Однако, было уже слишком поздно, она ушла в другую комнату. Впоследствии он пытался исправить эту ситуацию и спрашивал у Павла Николаевича о здравии его жены, здоровался с хозяйкой теперь также, как и с профессором и в особенности часто упоминал об этом существе в присутствии Юли. Он называл про себя Марфу“существом” всегда, потому что не считался с ней, недолюбливал её, видел в ней злющую женщину, уже изжившую себя и ни на что не способную, кроме как вязать, да сидеть на кресле-качалке.
— Да и что это за имя такое, Марфа? Глупое и старомодное, — говорил он про себя.
Он подозревал, что она также не любит его и после того, как студент уйдёт, то начнёт обсуждать его, порочить его, хотя при нём ничего такого в его лице не говорит и вообще сидит вполне себе тихо, изредка прося Юлю подать какую-нибудь пряжу или газету почитать. Он это не знал, но лишь думал так, хотя и никогда не говорил это вслух. В любом случае, он стал уделять больше внимание этому"существу", порой даже доходя до лести, лишь бы словить одобрительную улыбку или даже похвалу от Юли. Ничего такого, конечно, он не замечал, хотя и старательно следил за каждым её ответным взглядом. Впрочем, сам Рудалёв не мог найти в себе силы спросить у неё о том, что она думает о нём. Он ни разу при их встрече не спросил вообще ничего, кроме того, находится ли профессор дома или нет. Он хотел спросить её о профессоре, как бы пытаясь узнать её через вопросы про него, может быть чем она довольна или не довольна в Павле Николаевиче, чем занимается помимо работы здесь, в его доме. Но у него не хватало духу сделать эти действия. Он словно каменел и оставлял эти действия на потом. Он желал страстно услышать её, но не мог вымолвить у неё слова, лишь дожидаясь, пока она сама соизволит явиться и спросить о чём-нибудь обыденном, вроде о том, требуется ли чего-нибудь профессору и его гостю. Он хотел принести ей гостинцев, но не находил опять в себе силы сделать это, боясь ошибиться и не дай бог, ещё и разочаровать её подарком. Тогда он хотел передать ей подарок через профессора, но боялся, что Павел Николаевич поймёт его намерения и проболтается. Он хотел просто оставить какой-нибудь букет цветов в той комнате, где она обычно готовит еду для хозяйки и хозяина, но и на это он не мог решиться. О, как он изматывался!

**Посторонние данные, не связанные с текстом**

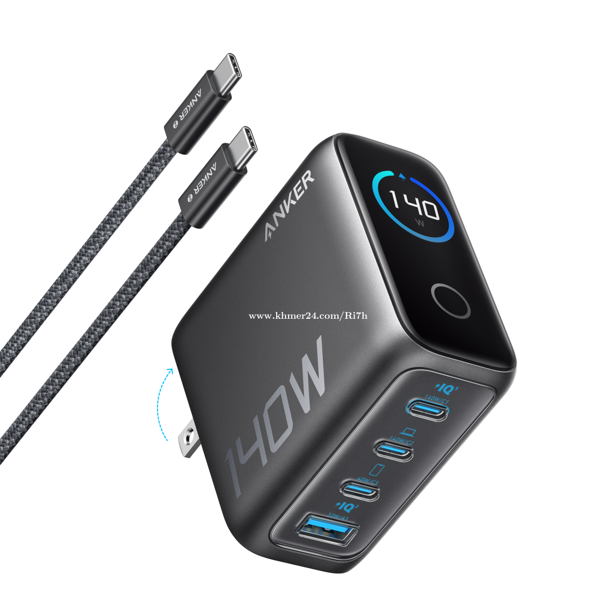 Anker 140W Zolo Charger ថ្មី ថែមខ្សែ USB-C 1.5m

Ожидания длились очень долго, он посещал профессора уже второй месяц, но так и удосужился ничего предпринять для того, чтобы узнать её, может даже признаться в своих чувствах. Рудалёв прекрасно это понимал и хотел покончить с этим раз и навсегда, но всё время откладывал такие действия раз и навсегда. Так он и откладывал, пока не прошло ещё два месяца и не наступила весна.
С наступлением весны в воздухе начало проявляться то благоухание, которое было присуще всей весной поре. Было нечто чарующее и привлекательное в только что распустившемся месяце марте, это была пора рождения нового и стягивания чего-то старого, может не самого тусклого года, но определённо унылого по своей природе последнего снежного дня. В этом году снег валил большими хлопьями и по старой традиции заваливал все дома своими снежными карманами. Однако, несмотря на такую холодную и многочисленную снежную подмогу, зима прошла быстро и практически не запятнала улицы слякотью(Хотя, без этого и не обошлось, увы).
На дворе, как уже было сказано, стоял и во всю цвел март. Постепенно спадали и таяли наиболее стойкие комья снега, зеленела трава и покрывались бутонами деревья. Прекрасный чистый воздух, ещё немного прохладный, но достаточно приятный сквозил сквозь носы людей, выходивших на улицу. Среди этих улиц вышел и Рудалёв, который в отличие от многих других дней был очень радостным и довольным собой — На его лице даже была некая улыбка, а сквозь зубы он сопя носом проговаривал то ли про себя, то ли для всех других:"Да, хорошо благоухает". Рудалёв шёл не просто с надеждой, а именно с целью сегодня познакомиться и наконец-то признаться во всём домработнице Павла Николаевича. День сегодня выдался очень кстати — Пар в университете не было, профессор тоже сегодня был весь день дома и Юлечка тоже обязательно должна была быть с ним. А какая погода сегодня была: Солнце светило, птицы пели, люди выходили радостные во двор, сбросив громоздкие шубы и пальто и надев более удобные свитера и кофты.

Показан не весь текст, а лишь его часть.